Thanks, but when I train the model just as you said, I get the error:

tensorflow.python.training.basic_session_run_hooks.NanLossDuringTrainingError: NaN loss during training.

The training log is output.log (5.4 KB)

I did not meet this issue. Seems that you meet Nan even in 1st epoch.
Is this the first time you meet during training?

Yes, I meet this issue for the first time, and all the settings are the same as you said.

ubuntu_1804:~$ tao info
Configuration of the TAO Toolkit Instance
dockers: ['nvidia/tao/tao-toolkit-tf', 'nvidia/tao/tao-toolkit-pyt', 'nvidia/tao/tao-toolkit-lm']
format_version: 1.0
toolkit_version: 3.21.08
published_date: 08/17/2021

Can you try again? Please use a new result folder.

Yes, I try to use a new result folder again, and I get the results_tlt.json and output.log as follows:

"{'fire': {'precision': 0.99351597, 'Recall': 1.0, 'F1 Score': 0.9967474393080977, 'iou': 0.99351597}, 'background': {'precision': nan, 'Recall': 0.0, 'F1 Score': nan, 'iou': 0.0}}"

output.log (100.2 KB)

The results obtained are not satisfactory.

Can you try to run inference via “tlt unet inference”?

I have uninstalled nvidia-tlt before installing the nvidia-tao.

ubuntu_1804:~$ tlt unet inference --gpu_index=0 -e /workspace/fire_detection/fire/specs/unet_train_resnet_unet_isbi.txt -m /workspace/fire_detection/result/model.step-13300.tlt -o /workspace/fire_detection/result/ -k nvidia_tlt830

Command 'tlt' not found, did you mean:

  command 'tt' from deb treetop
  command 'tlf' from deb tlf
  command 'lt' from deb looptools
  command 'tgt' from deb tcm
  command 'llt' from deb storebackup
  command 'tla' from deb tla
  command 'tst' from deb pvm-examples
  command 'slt' from deb slt
  command 'tlp' from deb tlp
  command 'tilt' from deb ruby-tilt

Try: apt install <deb name>

If you already update to tao, you can run "tao unet inference”.

I run the command tao unet inference, but the result is poor.

I run tao unet evaluate, and get the the result_tlt.json is:

"{'fire': {'precision': 0.99351597, 'Recall': 1.0, 'F1 Score': 0.9967474393080977, 'iou': 0.99351597}, 'background': {'precision': nan, 'Recall': 0.0, 'F1 Score': nan, 'iou': 0.0}}"

The precision is nan, and the iou is 0.

Could you please check all the images? Is there any detection for the fire?

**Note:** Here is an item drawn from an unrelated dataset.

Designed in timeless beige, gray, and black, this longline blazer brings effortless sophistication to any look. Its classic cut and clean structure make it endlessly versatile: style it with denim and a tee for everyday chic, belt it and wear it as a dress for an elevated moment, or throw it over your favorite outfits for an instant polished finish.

Using the same images and masks, the accuracy of training the model under the pytorch framework is good, but the training results using tlt or tao are bad. I don’t know what went wrong.

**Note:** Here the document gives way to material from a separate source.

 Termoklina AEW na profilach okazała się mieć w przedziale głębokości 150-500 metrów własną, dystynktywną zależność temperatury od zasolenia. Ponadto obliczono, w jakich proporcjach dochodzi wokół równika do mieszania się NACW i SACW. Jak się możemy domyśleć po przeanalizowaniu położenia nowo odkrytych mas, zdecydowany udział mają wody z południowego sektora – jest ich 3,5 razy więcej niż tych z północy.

I check all the images, there is no detection for the fire.

Thanks for the info. Will check further.

Thanks, is there any progress now?

We still focus on this fire dataset and trigger experiments. With above spec file, actually one of our internal engineers can run successfully and get the correct inference result. But strangely another guy cannot. So, we’re still checking.

Please try below solution which is working on my side.
Change the training image from jpg to png.

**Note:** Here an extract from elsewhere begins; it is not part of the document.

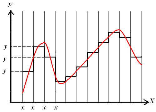 Ось значений функции можно разбить на отрезки с данным шагом и отобразить каждый из выделенных отрезков из области определения функции в соответствующий отрезок из множества значений. В итоге получим конечное множество чисел, определяемых, например, по середине или одной из границ таких отрезков.

$ for i in *.jpg ; do convert "$i" "${i%.*}.png" ; done

The fire can be detected during inference. And there is no Nan issue in evaluation.

More, after changing training .jpg files to .png files, you can also use below loss parameter.

  • loss: “cross_entropy”
  • weight: 2e-06
  • crop_and_resize_prob : 0.01
1 Like

Thanks, it works now.